Anybody else appreaciate the irony here? "I'm the new guy, but I don't want to train someplace that trains new people", "I want to join this elite team, but I don't want to have to prove myself"...

Get over it. Join a group of new people and get fit. Spend a ton of time training. And then, if they ASK you to join, you'll know you're ready.


----------



## yak sao (Oct 26, 2011)

My 2 sons went through p90X and got in what I considered great shape. One of them wasn't satisfies and went on to do Crossfit.
Either/both of these will serve to get you in shape.
Plus join a MA school that is similar in approach (style wise) to the one your buddy belongs to and work your **** off.
Give it time ( months) and you'll be ready to re try.


----------



## Never_A_Reflection (Oct 26, 2011)

Buka said:


> I do not believe, not for one minute, that any of this post is true.



Agreed, unless by "roommate" he means "brother I share a room with" and he's 10 years old.


----------



## Tez3 (Oct 26, 2011)

Buka said:


> I do not believe, not for one minute, that any of this post is true.



I can believe it... if some of the people who contact us for matching on fight nights are anything to go by! I've seen the same arrogance from them, after all how hard can it be to do martial arts!


----------



## crushing (Oct 26, 2011)

Buka said:


> I do not believe, not for one minute, that any of this post is true.



I think it is the start to an Occupy Gym movement.


----------



## Cyriacus (Oct 26, 2011)

It only seems "Callous" because youre the one being affected by it.

But consider that they not only allowed you to try once, but twice.
They LET YOU TRY AGAIN.
And they let you try at all, when they probably knew the odds were against you.
For no reason other than to be polite.

And yeah, you cannot keep up with them. Why do you think People dont try and get into these types of things until they can cut it?
Consider that all of them can cut it. But they werent born like that.
They became like that, and then they joined up.

Train Hard.
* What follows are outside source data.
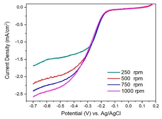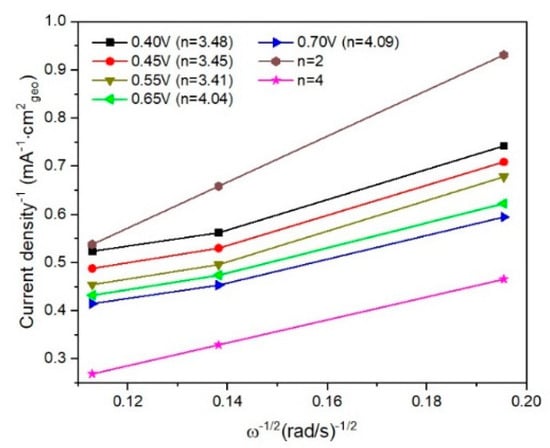 In order to calculate the number of electrons (n) transferred during the ORR process, linear sweep voltammograms were recorded with 5 mV/s, between 0.4 V and −0.7 V and at various rotation speeds (ω) (among 250–1000 rpm). Linear sweep voltammetry (LSV) curves for I/rGO were plotted as j, which is the measured current density (mA−1 cm2geo) vs. ω−1/2 (rad s−1)−1/2 and studied following Koutecky–Levich (KL) Equations (1)–(3) [,,].
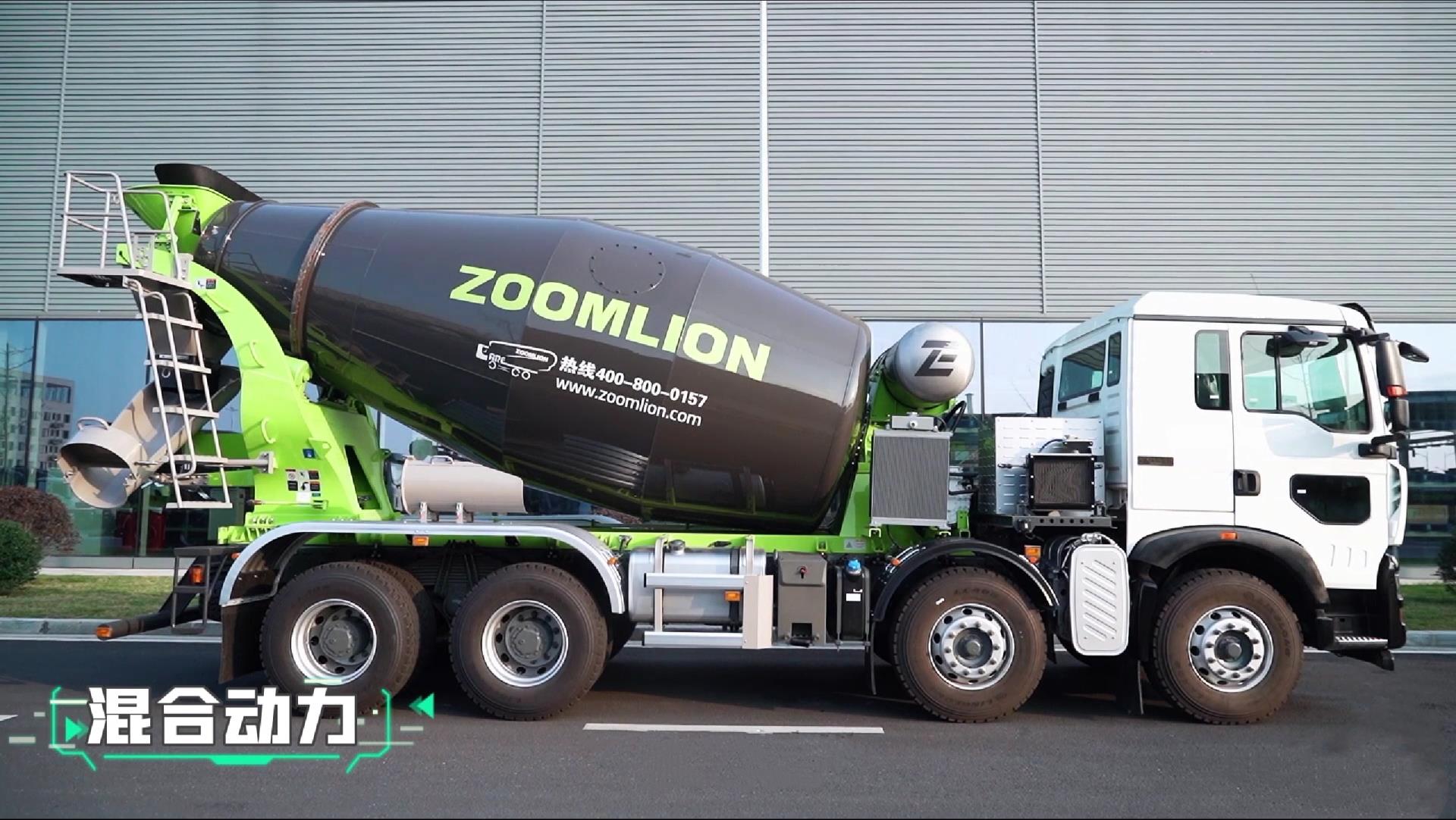 ▲中聯(lián)重科推介的混合動(dòng)力攪拌車(chē)
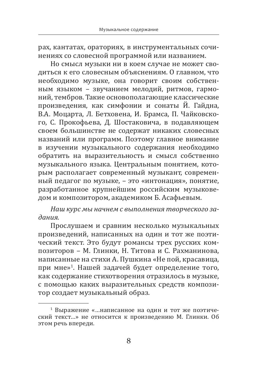 Впервые созданное В. Н. Холоповой, Н. В. Бойцовой и Е. М. Акишиной учебное пособие “Музыкальное содержание” является базовым изданием для всего научно-педагогического направления по музыкальному содержанию в России. В нем изложены такие важнейшие теоретические понятия, как музыкальная интонация, базовые эмоции, специальное и неспециальное содержание, три стороны музыкального содержания и др. и определена их роль в эпоху барокко, классики, романтизма, XX–XXI веков. Емкие определения и необходимые нотные примеры делают данное учебное пособие доступным, полезным, информативным и для студентов и для преподавателей специализированных музыкальных учреждений, а также для широкого круга читателей, интересующихся академической музыкой. The “Music Content” textbook, newly created by V. N. Kholopova, N. V. Boitsova and Y. M. Akishina is the basic publication on music content for the entire scientific and pedagogical sphere in Russia. It states such important theoretical concepts as music intonation, basic emotions, special and non-special content, three aspects of music content, etc. and defines their role in the era of baroque, classics, romanticism, 20th and 21st centuries. Lapidary definitions and necessary musical examples make this textbook understandable, useful, informative both for students and teachers of specialized musical institutions, as well as for a wide range of readers interested in academic music.

Because now you know what Hard Training looks like. And because however youve Trained until now has probably been Soft by comparison.
Get with it, or go somewere more around your level, simply.


----------



## David43515 (Oct 27, 2011)

Look, they didn`t say "don`t ever come back". They said "don`t come back until you`re ready to hang with us without slowing us down". That means the respnsability of getting into better shape is yours. (Talk to your roommate again, without any ego ie: REALLY listen to his advice and see if you need to build a foundation of technique they can polish as well, or if it`s just conditioning you need.)
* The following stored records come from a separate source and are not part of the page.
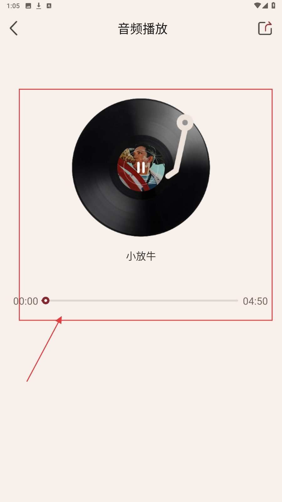 2、在音频播放页,查看黑胶唱片样式,拖动进度条,控制【小放牛】播放进度。
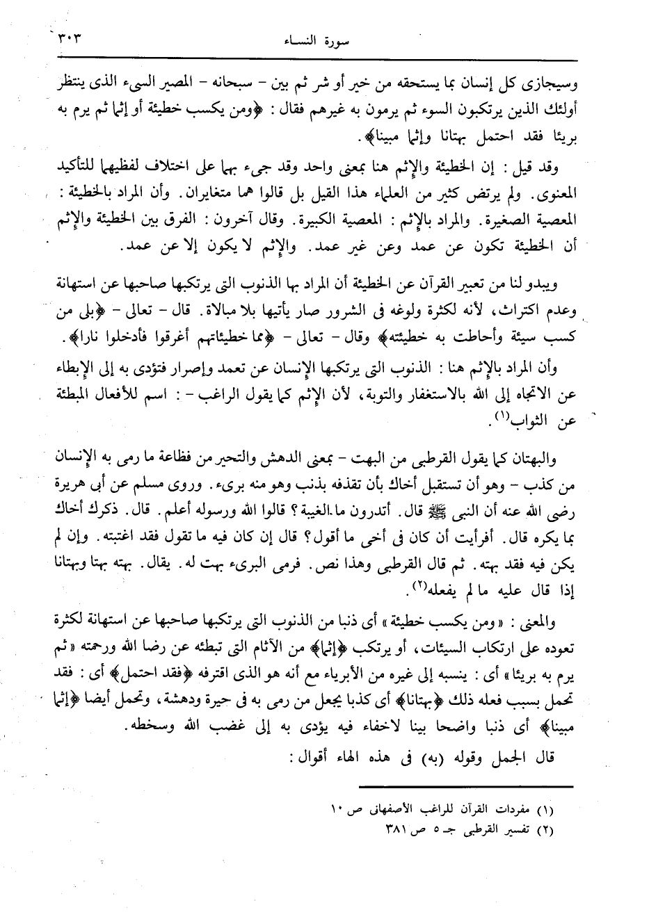 (2) تفسير القرطبي ج 5 ص 381
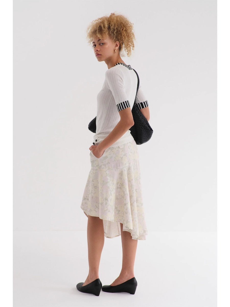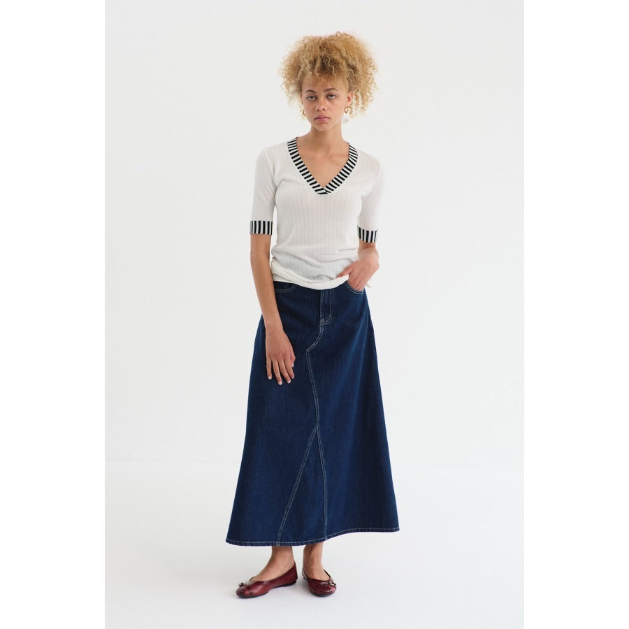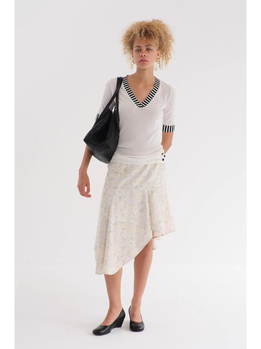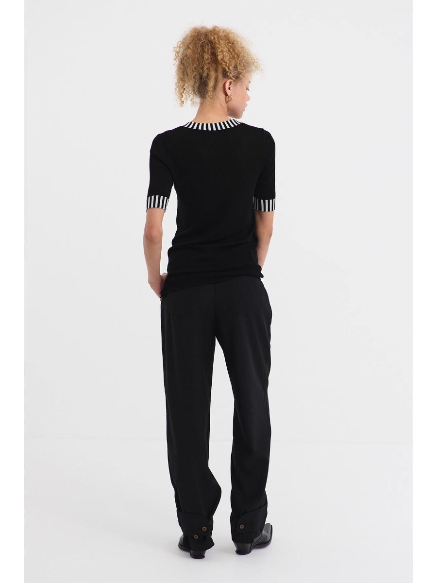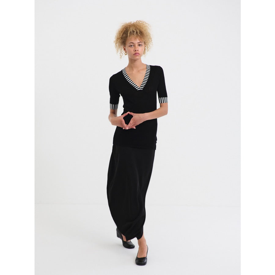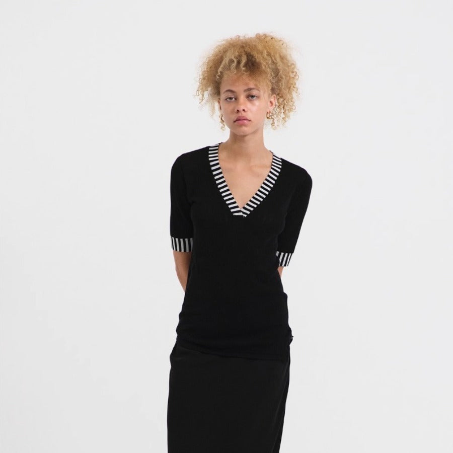 Striped V-neck Short-sleeved Side-opening Knitwear
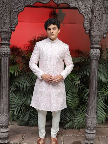 This is my signature collection for the main wedding day. I design each sherwani to feel like royalty, whether you want a classic ivory look with delicate embroidery or a more unique, heavily embellished piece. We focus on a perfect fit and luxurious fabrics to ensure you feel nothing less than majestic.
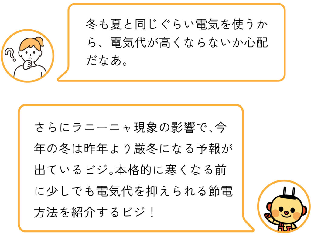 冬は気温が低いことから、エアコンやヒーター、こたつなどの暖房器具の使用が増えることも大きな理由のひとつです。また暖房器具は、比較的消費電力が大きいものが多いため、使用時間が長くなると比例して毎月の電気代も高くなります。
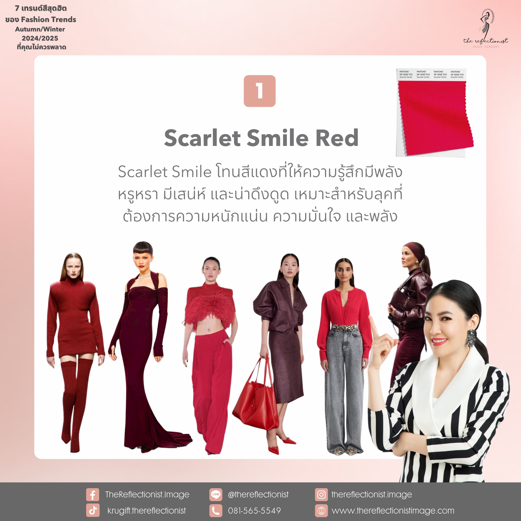 Scarlet Smile โทนสีแดงที่ให้ความรู้สึกมีพลัง หรูหรา มีเสน่ห์ และน่าดึงดูด เหมาะสำหรับลุคที่ต้องการความหนักแน่น ความมั่นใจ และพลัง
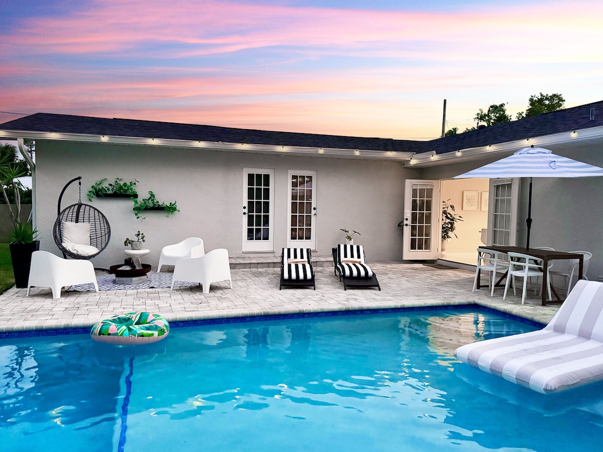 एक आश्चर्यजनक, नव पुनर्निर्मित 4/2 पूल घर में फ्लोरिडा सूरज का आनंद लें! हमने लगभग सब कुछ प्रदान किया है जो हम पांच 4k टीवी w/ Netflix और केबल, वाईफाई, गर्म (वैकल्पिक) नमक पानी पूल w/ 7' गोपनीयता बाड़, वयस्क बाइक, समुद्र तट गियर, पैक और प्ले, कार्यालय, मंडल खेल, आराम लाउंज कुर्सियां, स्टॉक किचन, वॉशर और ड्रायर, गेराज पार्किंग, कुत्ते टोकरा, सभी एक शांत और सुरक्षित पड़ोस में। ओह, और बेशक यह विश्व प्रसिद्ध समुद्र तटों के लिए सिर्फ 5 मील की दूरी पर है।
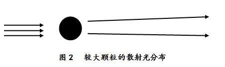 顆粒越細,散射光的角度越小。當顆粒幾何尺寸達到亞微米級別時,大于90度散射角散射光將明顯增強。微小顆粒的散射光甚至在360度范圍內都有分布,如圖1所示。
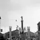 Der Königsplatz (beschriftet mit "Königlicher Platz") in München 1940. Die beiden tempelähnlichen Pavillons im Vordergrund sind nicht mehr vorhanden, statt dessen verläuft heute eine Straße durch die Bildmitte. Natürlich erreichte die Hitlerjugendgruppe sehr früh die Stadt und die Schatten der Gebäude waren an diesem sonst regnerischen Tag noch lang, wenn einmal kurz die Sonne durch die Wolken brach. Und auch hier wieder eine unglaublich gigantische Hakenkreuzfahne...

You say that you`re in shape because you play sports, that`s great. But you`re obviously not in the same kind of shape those guys are in. Spend some time somewhere else getting in shape and building a foundation of skill so that you`ve got something to work with. Don`t assume they have enough time to stopp their own training to focus on taking you from zero to hero. That`s not being a good training partner. It`s not too different from wanting to lift weights with someone 3x your size: Yeah, they could help you....but you aren`t strong enough to realistically  give them a spot that would keep them from getting injured.


----------



## wildcat91 (Oct 27, 2011)

Agreed why don't you read what you just wrote from their perspective.  If you were able to keep up, I'm sure you could have stayed.  Now you kow what the expectations are and you have a goal.


----------



## Tez3 (Oct 27, 2011)

Is the OP coming back?


----------



## jks9199 (Oct 27, 2011)

At a guess...  No.  "Disappointed" rings like a one-use screenname.  And they didn't get a pat on the back about how poorly they were treated.  Oh well...


----------



## Tez3 (Oct 27, 2011)

jks9199 said:


> At a guess... No. "Disappointed" rings like a one-use screenname. And they didn't get a pat on the back about how poorly they were treated. Oh well...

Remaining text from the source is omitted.